The British, David Olusoga writes, are reflexively optimistic. But, as Britain hurtles to a messy Brexit, he argues that it's time to embrace pessimism:
Brexit, the rise of populism and the constitutional crisis in which we are still utterly ensnared – despite the passing distraction of the Tory leadership circus – undermines that sort of blithe optimism.
Now is not the time for upbeat endings. It is a moment to make the case for an ever unpopular and always controversial sentiment – pessimism.
But pessimism gets bad press. So Britons assume -- along with Boris Johnson -- that everything will work out:
“Why this defeatism? Why this negativity?” he blustered, in a pitiful effort to draw attention away from his demonstrable ignorance of his own Brexit “plan”. Don’t analyse, stop identifying flaws and inconsistencies, just be optimistic. Rejoice. Rejoice.
The prevailing cult of optimism reinforces the belief that Britain’s institutions – parliament, the civil service and that jumble of conventions and archaic procedures that are what passes for a constitution – will inevitably weather any future storm.
Well, it’s not been a great week for the civil service; a police investigation has been launched into a leak apparently designed to bring down our ambassador to the most powerful nation on earth, followed by his public defenestration by the PM-in-waiting. Month by month our constitution has been proved unfit for purpose and parliament’s physical decay is increasingly turning it into a vast, scaffold-covered metaphor.
A musty, chintzy kitschness lingers about the Palace of Westminster. A cabbagey, care-home smell wafts along its neo-gothic corridors. With Johnson refusing to rule out bypassing parliament (with his threatened prorogation and his opponents discussing setting up a rival assembly across the road, you have to really want to see the “mother of parliaments” cup as half full.
Other British leaders were not known for their optimism:
Winston Churchill [was] a man who suffered bouts of depression and spent a decade in the political wilderness for pessimistically predicting a global catastrophe. Hardly the ideal poster boy for the breezy optimism of Johnson and his cabal.
There are times when pessimism is the only appropriate response:
Whether we like it or not, there are moments in history when pessimism is the appropriate response. Times when, as the German philosopher Oswald Spengler said, “optimism is cowardice”. What is needed now is not a “nameless, unreasoning, unjustified” form of pessimism that “paralyses needed efforts to convert retreat into advance”, to quote Franklin D Roosevelt, but a sobering and energising pessimism. It is necessary because the cult of optimism, the original source of our national complacency, is in itself a clear and present danger.

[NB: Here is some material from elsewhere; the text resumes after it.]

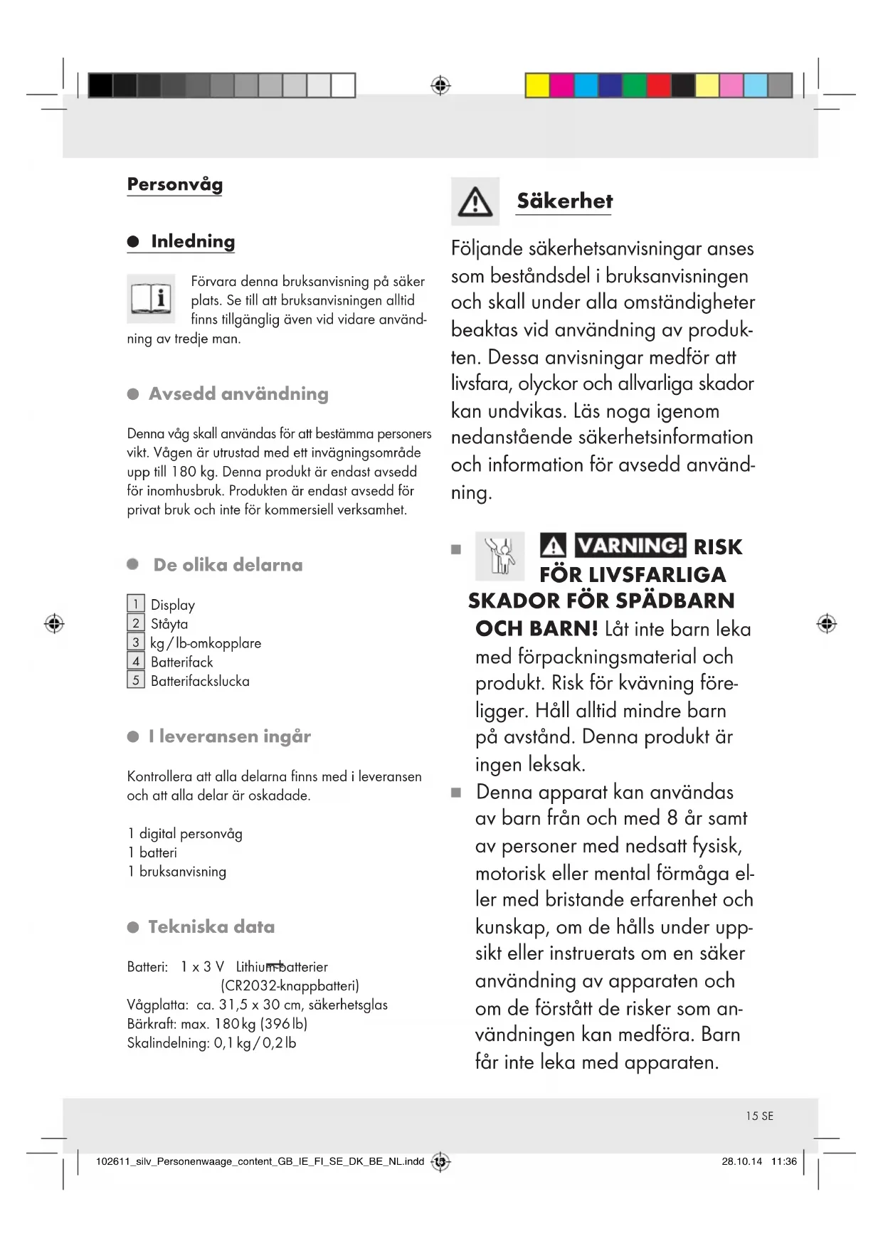 OCH BARN! Låt inte barn leka med förpackningsmaterial och produkt. Risk för kvävning före- ligger. Håll alltid mindre barn på avstånd. Denna produkt är ingen leksak. Denna apparat kan användas av barn från och med 8 år samt av personer med nedsatt fysisk, motorisk eller mental förmåga el- ler med bristande erfarenhet och kunskap, om de hålls under upp- sikt eller instruerats om en säker användning av apparaten och om de förstått de risker som an- vändningen kan medföra. Barn får inte leka med apparaten. 102611_silv_Personenwaage_content_GB_IE_FI_SE_DK_BE_NL.indd 15 28.10.14 11:3616 SE Rengöring och underhåll får inte utföras av barn utan uppsikt av vuxen person.

The Brexit project exploited our cultural predilection for optimism. Leave was painted as the optimistic choice. Now, when the Brexiteers are not promising us “adequate food”, they are peddling another brand of optimism. No matter what happens at the end of October, they tell us, we’ll be all right. After all, if we can make it through the Second World War we can survive Brexit. One of the many holes in this “there’ll always be an England” line of argument is, of course, that half a million British people didn’t make it through the Second World War.
The simplistic belief that the old voted Leave and the young voted Remain ignores the fact that the most elderly, the people who actually remember the Second World War, who fought and suffered in it, were “far more likely to oppose Brexit”, according to some research, than the baby boomers – a generation brought up watching war films rather than cowering in Anderson shelters.
Sometimes pessimism is simply reality. And that is the place from which solutions arise.
Image: You Tube
6 comments:
An optimist says the glass is half full. A pessimist says the glass is half empty. An engineer says, "You're using the wrong glass."
- Sir, would you like a chicken sandwich prepared by one of Britain's top chefs?
- Yes please, that sounds great.
- I don't want it going to waste are you sure you'll finish it?
- Yes, I'm famished!
- Fine, here it is. It's been sitting out in the sun for a couple of days.
- What?! That's disgusting!
- A chicken sandwich is a chicken sandwich and you said you'd eat it. Too late to change your mind now.
This in a nutshell is what Nigel and Boris are saying to the British people. There's no cause for optimism at all.
Cap
Good point, Toby. Your perspective has a lot to do with whether you're an optimist or a pessimist.
What's truly sad, Cap, is that such a large number of Brits could not see that Johnson and Farange are con men. They bought the sandwich is the first instance.
This puts me in mind of the guy who wouldn't eat the shit sandwich because he didn't like the bread.
Sometimes the packaging is a dead give away, John.